* **Your task**
Print all the data below exactly, without images.

* **Provided data**

((

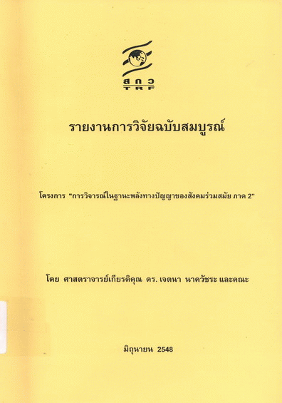 การวิจารณ์ในฐานะพลังทางปัญญาของสังคมร่วมสมัย ภาค 2 / เจตนา นาควัชระ และคณะ.
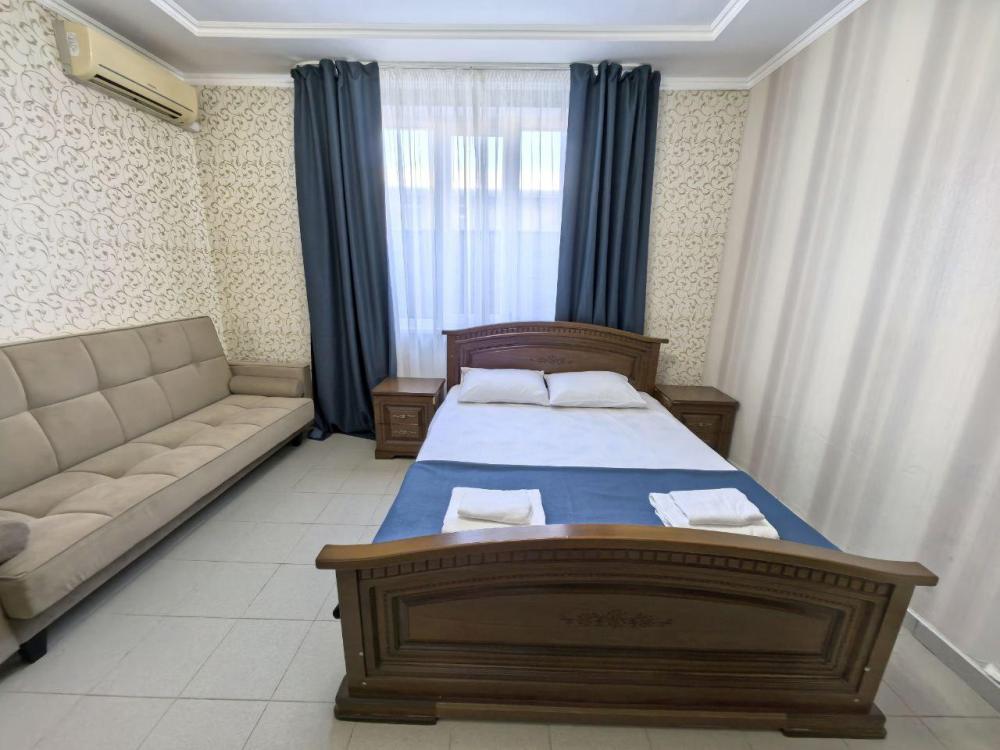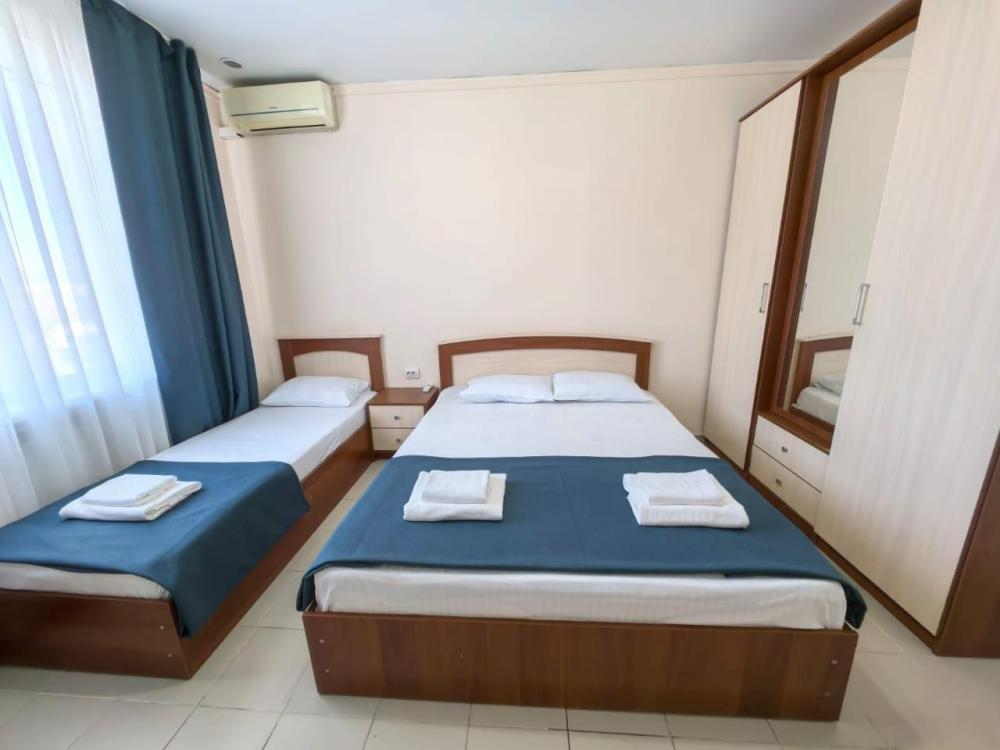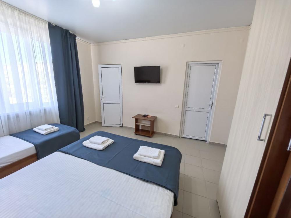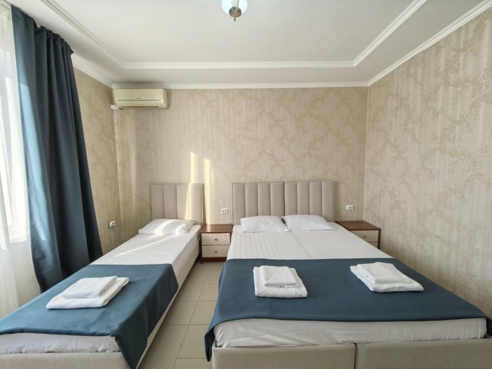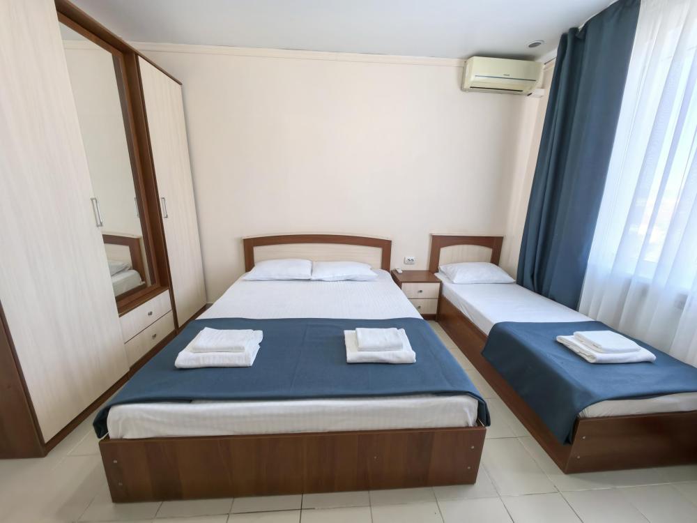 Трёх местный стандарт с одной двухспальной кроватью и одной односпальной кроватью. На ваш выбор есть номера с двумя односпальными кроватями. В номере: Душ-туалет Полотенце Бесплатный wi-fi Сплит-система Телевизор Мини-холодильник Чайник Кровати: на ваш выбор. Одна двуспальная и односпальная кровать. Три односпальные кровати. Номер имеет выход в общий коридор из которого можно попасть на большой общий балкон. На нем размещены столы стулья, где можно отдохнуть проводить закат с видом на город и море. Парковка, бассейн бесплатно.
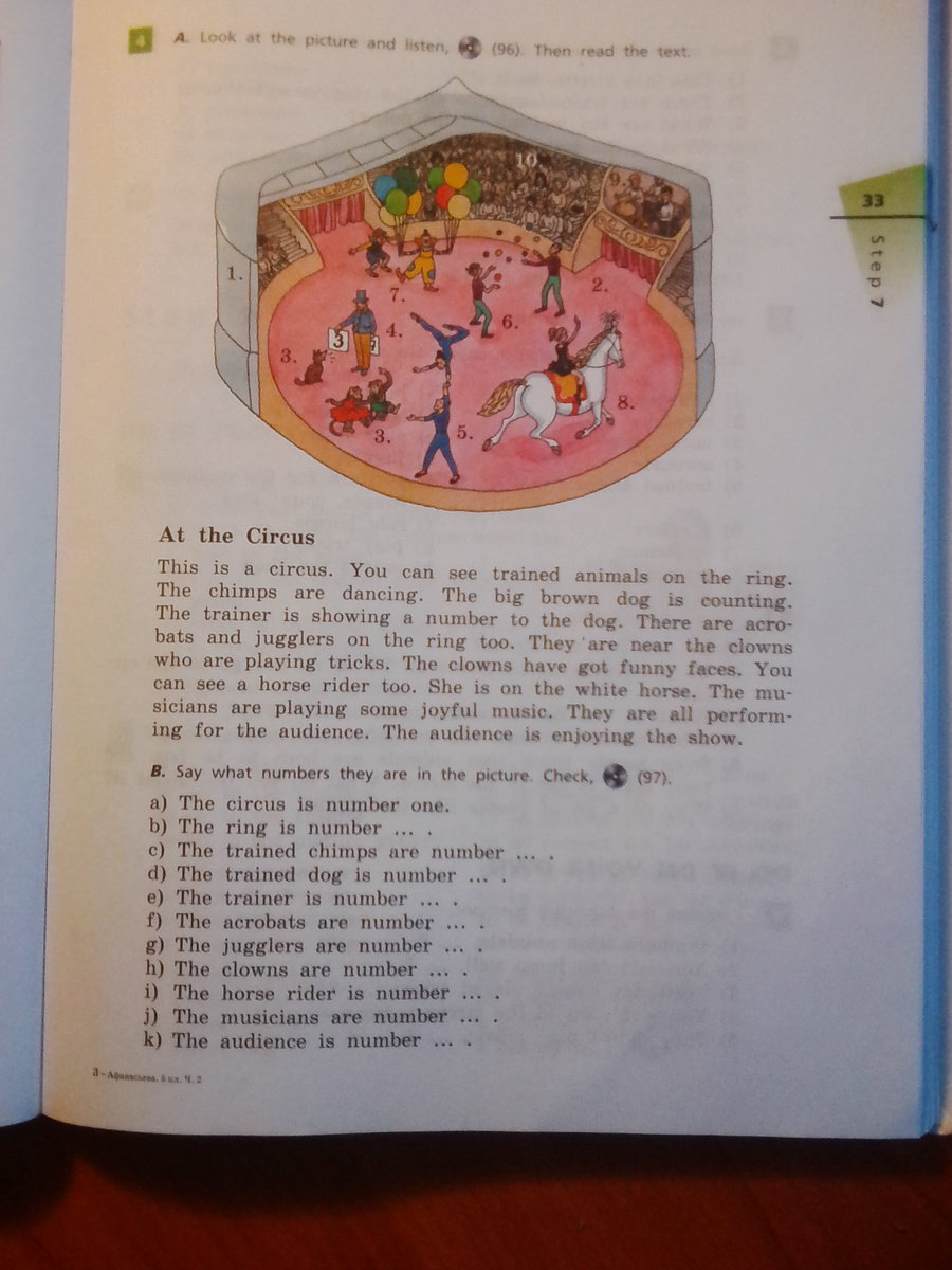 В цирке Это цирк. Вы можете увидеть дрессированных животных на кольце. Шимпанзе танцы. Большая коричневая собака рассчитывает тренер показывает ряд к собаке. Есть ACRO летучие мыши и жонглеры на ринг. Они рядом с клоунами, которые играют трюки. Клоуны получили рожи. Вы можете увидеть всадника тоже. Она находится на белом коне. В sicians мю играют некоторую радостную музыку. Все они выполняют ING для аудитории. Зрители наслаждаются шоу.

))

* **Result for this exercise**
 การวิจารณ์ในฐานะพลังทางปัญญาของสังคมร่วมสมัย ภาค 2 / เจตนา นาควัชระ และคณะ.
 Трёх местный стандарт с одной двухспальной кроватью и одной односпальной кроватью. На ваш выбор есть номера с двумя односпальными кроватями. В номере: Душ-туалет Полотенце Бесплатный wi-fi Сплит-система Телевизор Мини-холодильник Чайник Кровати: на ваш выбор. Одна двуспальная и односпальная кровать. Три односпальные кровати. Номер имеет выход в общий коридор из которого можно попасть на большой общий балкон. На нем размещены столы стулья, где можно отдохнуть проводить закат с видом на город и море. Парковка, бассейн бесплатно.
 В цирке Это цирк. Вы можете увидеть дрессированных животных на кольце. Шимпанзе танцы. Большая коричневая собака рассчитывает тренер показывает ряд к собаке. Есть ACRO летучие мыши и жонглеры на ринг. Они рядом с клоунами, которые играют трюки. Клоуны получили рожи. Вы можете увидеть всадника тоже. Она находится на белом коне. В sicians мю играют некоторую радостную музыку. Все они выполняют ING для аудитории. Зрители наслаждаются шоу.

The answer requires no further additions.